THE PROBLEM =>
Set down exact lines only, from the line with "②若驗證失敗,賣家可以在同一" through the last line of the material below, with every picture left out.

COLLECTED MATERIAL =>
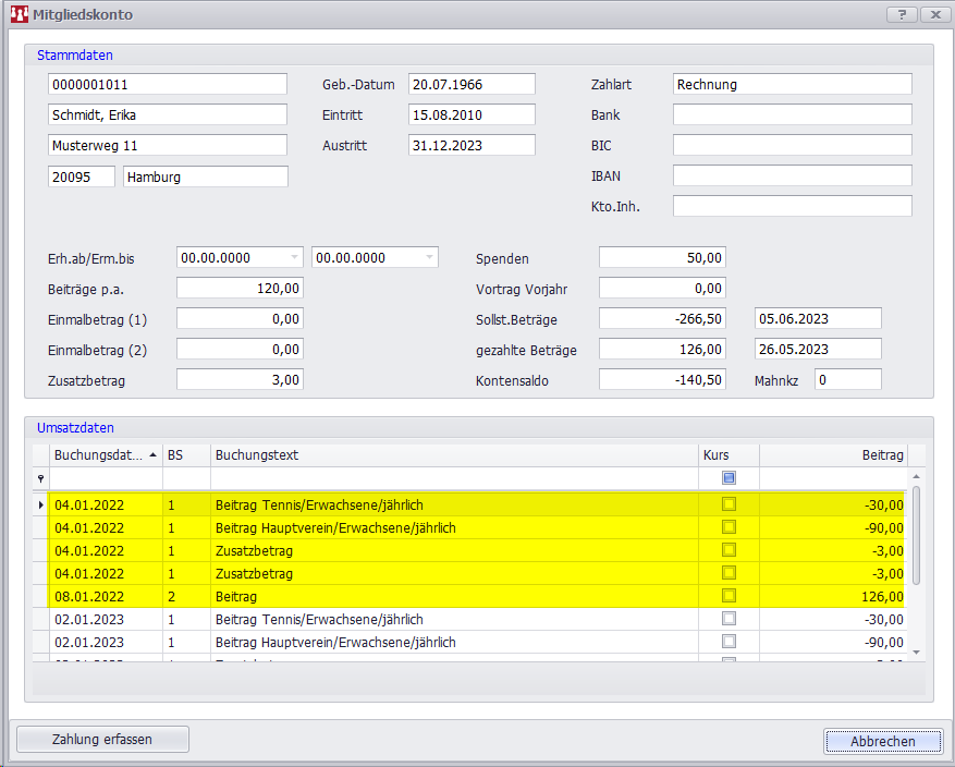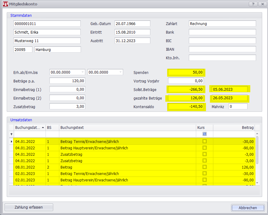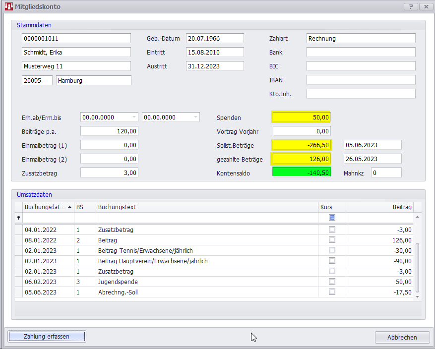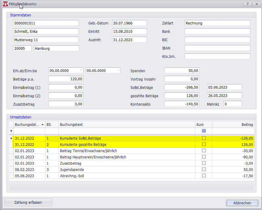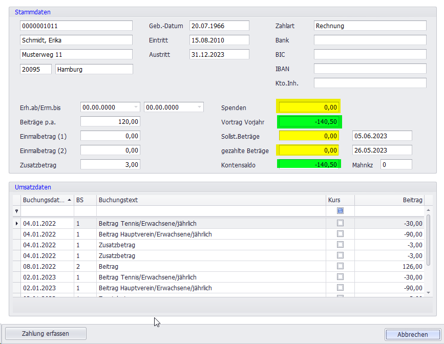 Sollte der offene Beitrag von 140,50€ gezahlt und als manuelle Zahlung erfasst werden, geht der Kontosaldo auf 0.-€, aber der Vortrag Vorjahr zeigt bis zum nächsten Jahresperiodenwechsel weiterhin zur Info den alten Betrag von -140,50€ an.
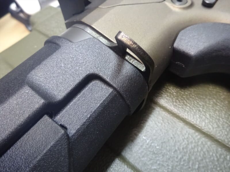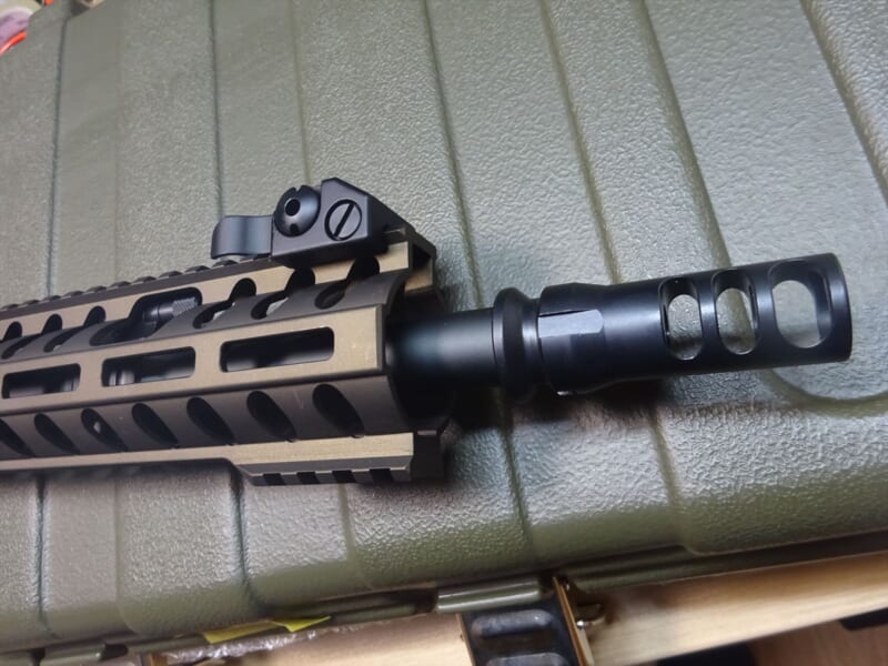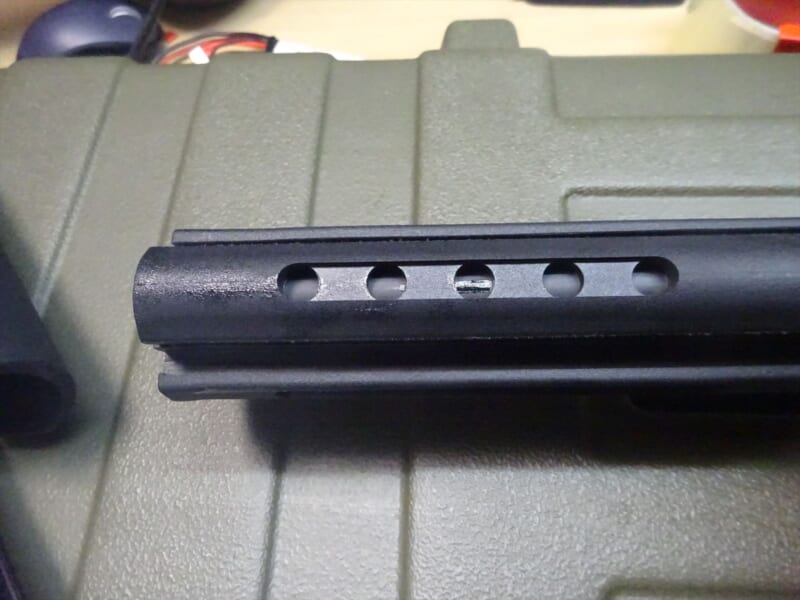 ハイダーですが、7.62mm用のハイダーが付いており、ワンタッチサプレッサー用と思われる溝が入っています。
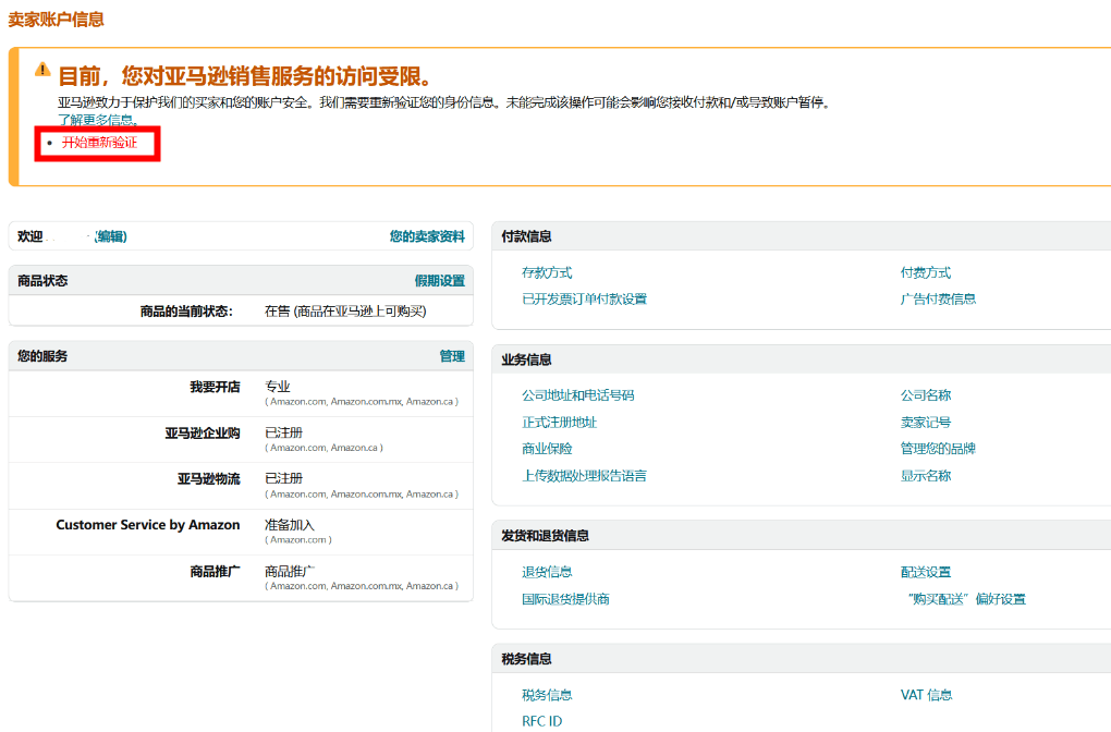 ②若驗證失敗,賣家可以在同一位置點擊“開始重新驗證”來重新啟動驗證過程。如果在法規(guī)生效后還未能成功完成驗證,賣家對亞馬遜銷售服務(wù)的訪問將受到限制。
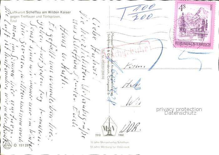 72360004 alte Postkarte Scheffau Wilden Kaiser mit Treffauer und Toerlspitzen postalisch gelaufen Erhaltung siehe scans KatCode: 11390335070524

ANSWER TO THE PROBLEM =>
 ②若驗證失敗,賣家可以在同一位置點擊“開始重新驗證”來重新啟動驗證過程。如果在法規(guī)生效后還未能成功完成驗證,賣家對亞馬遜銷售服務(wù)的訪問將受到限制。
 72360004 alte Postkarte Scheffau Wilden Kaiser mit Treffauer und Toerlspitzen postalisch gelaufen Erhaltung siehe scans KatCode: 11390335070524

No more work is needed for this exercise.